Andres Salazar wrote:
> Hello,
>
> Ive setup my first reverse proxy to accelerate a site, ive used wget
> to spider the entire site several times and noticed that even after
> running it some files never get cached like html files! I presume it
> is because the htmls dont have the correct cache headers.
>
> It didnt even want to cache up .swf files, but then I added this line
> and it helped a lot but not completely.
>
> refresh_pattern . 0 20% 4320 ignore-reload
>
> Iam thinking then the best approach is to make squid cache EVERYTHING,
> and then manually give it specific exceptions of dynamic content (
> like .php and some .html with embedded php scripts). I dont want to
> start editting files because I want to test the performance increase
> before adding headers one by one.
No its not the best approach. The best approach is to take what really
exists right now and see how the variations you plan change things.
Side points:
That gives the minimum threshold you want to improve.

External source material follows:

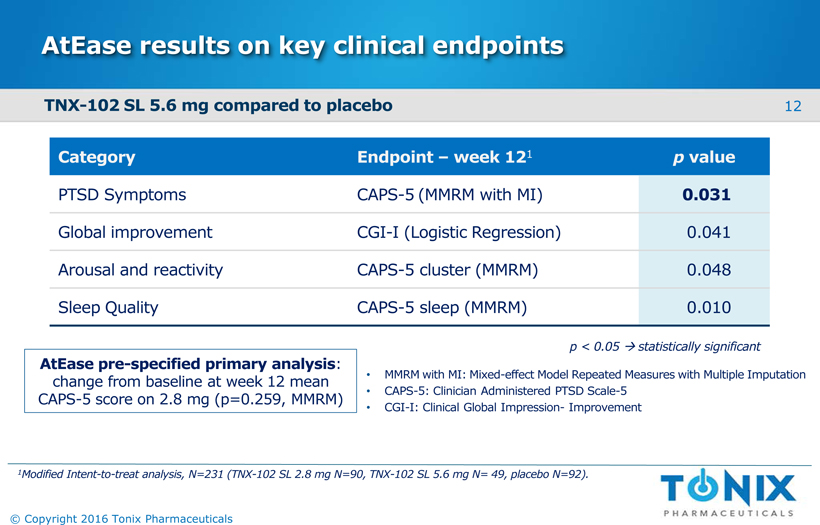 AtEasestudy of TNX-102 SL in PTSD Key Demographics / Characteristics of AtEase 93% of the patients were male 98% had trauma during military service and were deployed on average 2.3 times Mean time since index trauma was 7 years Race and ethnicity generally consistent with U.S. military distribution Similar baseline CAPS-5 scores and MADRS1scores across treatment armsAverage CAPS-5 scores were greater than 39 for all groups ('severe' PTSD2) 1Montgomery–ÅsbergDepression Rating Scale 2personal communication –Frank Weathers PhD, National Center for PTSD 11 © Copyright 2016 Tonix Pharmaceuticals

The maximum threshold can be found by locating cacheable files of
various sizes and running apache-bench or similar on them. That will
give you the 100% caching speeds for those file sizes and the req/sec
Squid can serve them at.
Back to main point:
Squid already attempts to cache every possible object it can cache.
Making exceptions only for objects with explicit expiry information that
indicates its non-cacheable or too old.
The exception there is dynamic content, old configs had rules to
explicitly prevent dynamic stuff caching.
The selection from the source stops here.